PAUL TILLICH Y LA PREGUNTA POR EL “FIN DE LA HISTORIA”. PARTE XII

 In Caminando en Justicia, Teología y Cultura

Introducción

El pensamiento de Paul Tillich, tantas veces desacreditado, es, y seguirá siendo, un desafío e invitación a pensar con osadía y honestidad intelectual, superando los prejuicios que vayan surgiendo en el camino de la reflexión teológica. Tal desafío está siendo aceptado cada vez con la máxima seriedad posible, ejemplo claro de ello es la obra colectiva titulada: Paul Tillich and Pentecostal Theology. Spiritual Presence and Spiritual Power, dirigida por Nimi Wariboko y Amos Yong.[1] En estos doce artículos hemos tomado con seriedad el reto que representa dialogar con Tillich, y lo hemos hecho desde una delimitación especifica: la teología filosófica de la historia, en su pregunta por el fin de la historia. Cerramos, pues, los artículos, que tienen un mero carácter introductorio, con esta consideración final.

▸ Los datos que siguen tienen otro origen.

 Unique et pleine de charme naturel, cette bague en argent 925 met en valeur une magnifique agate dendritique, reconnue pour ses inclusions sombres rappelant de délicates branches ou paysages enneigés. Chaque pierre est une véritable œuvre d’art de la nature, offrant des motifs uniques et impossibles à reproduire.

I Teología filosófica, Historia y Totalidad

Mas allá de las delimitaciones temáticas y conceptuales en torno a la dilucidación de un determinado orden teológico, en su tratamiento y lenguaje tradicional, lo de Tillich va encaminado a elaborar una Teología Filosófica. La Teología filosófica es el marco de referencia sobre el cual gira su sistema de pensamiento, tanto en su pretensión de verdad, como en su metodología. Su objetivo pretende conciliar la tensión que en el mundo moderno suscitan las preguntas filosóficas, e intentar una respuesta plausible desde la reflexión teológica.

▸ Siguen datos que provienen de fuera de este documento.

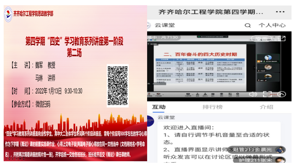 1月13日,思政教学部根据《伟德bv1946官网2021—2022学年度第四学期实施方案》安排,面向学校全体学生开展了线上“四史”学习教育系列讲座(第一阶段),在线观看人数达到7000余人。 本次讲座由思政教学部魏军、马...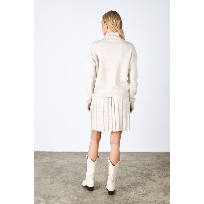 - The suit consists of a sweater and a skirt.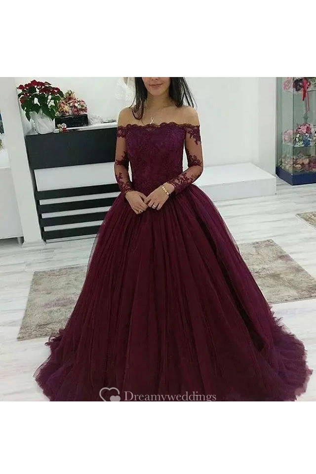 Off-the-shoulder Long Sleeve Sweep Train Tulle Ball Gown Dress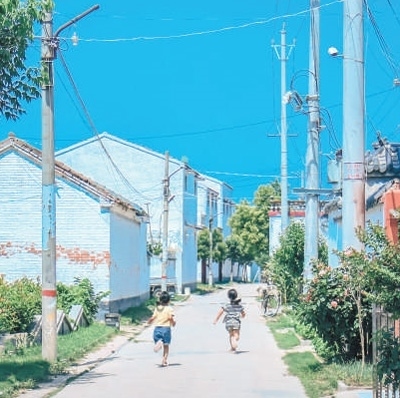 劉莊村的孩子們?cè)诖迓飞湘覒颉?/p>

De ahí que la constelación de temas, finalmente, habrá de fusionarse en la escatología. Pero la escatología, en la totalidad del corpus, tiene que mediar, por un lado, las condiciones de posibilidad y facticidad en la conciencia histórica del ser que interroga ante la apertura al mundo: su-ser-ahí. Así, tenemos una primera tensión que se abre entre el eschaton y el telos. Mientras el primero conlleva en sí mismo una tensión interna, pues el tiempo y su plasmación en la historicidad de lo óntico significa la conciencia histórica ante el mundo como aprehensión del chronos, kairós y kairoi; que a su vez son, aprehensibles e inaprensibles. Y como tal, dialécticos y necesitados de mediación hermenéutica. El segundo conlleva, ineludiblemente, el movimiento de la historicidad en la conciencia histórica, hacia una segunda tensión interna, a saber, la de su facticidad en el aquí y ahora, esto es, el movimiento del concepto en la conciencia interna del tiempo, más ya no en la forma de su historicidad teorética y categorial, sino en la totalidad de la vida desplegada existencialmente. Es decir, la autoconciencia reconocida ante su sentido inmediato e histórico. La conciencia histórica deviene conciencia de realización o realizada. Sin embargo, el movimiento del concepto, en su segundo momento, no será ya la autoconciencia que se reconoce en el sólo despliegue de su historicidad mediada por las condiciones de facticidad en su devenir histórico, una conciencia histórica tal cual. Mas bien, la autoconciencia se reconoce en su estado ontológico de estar permanente y conscientemente ante el horizonte de esperanza. La autoconciencia, que es conciencia histórica, y, por tanto, conciencia de mundanidad, existencial y existenciaria, una totalidad, finalmente, deviene conciencia escatológica. De esta manera, la exégesis teológico-existenciaria completa el movimiento de las categorías de temporalidad que Tillich presenta en su dinámica y fructífera Teología filosófica de la Historia.

La teología filosófica es la disciplina académica que concierne propiamente al sistema de Tillich, pero la concentración de estos ensayos en torno a la teología filosófica de la historia es nuestra propia delimitación temática al interpretar al teólogo de la cultura, puesto que, la historia es el marco de referencia en la sistematización de su teología de la cultura.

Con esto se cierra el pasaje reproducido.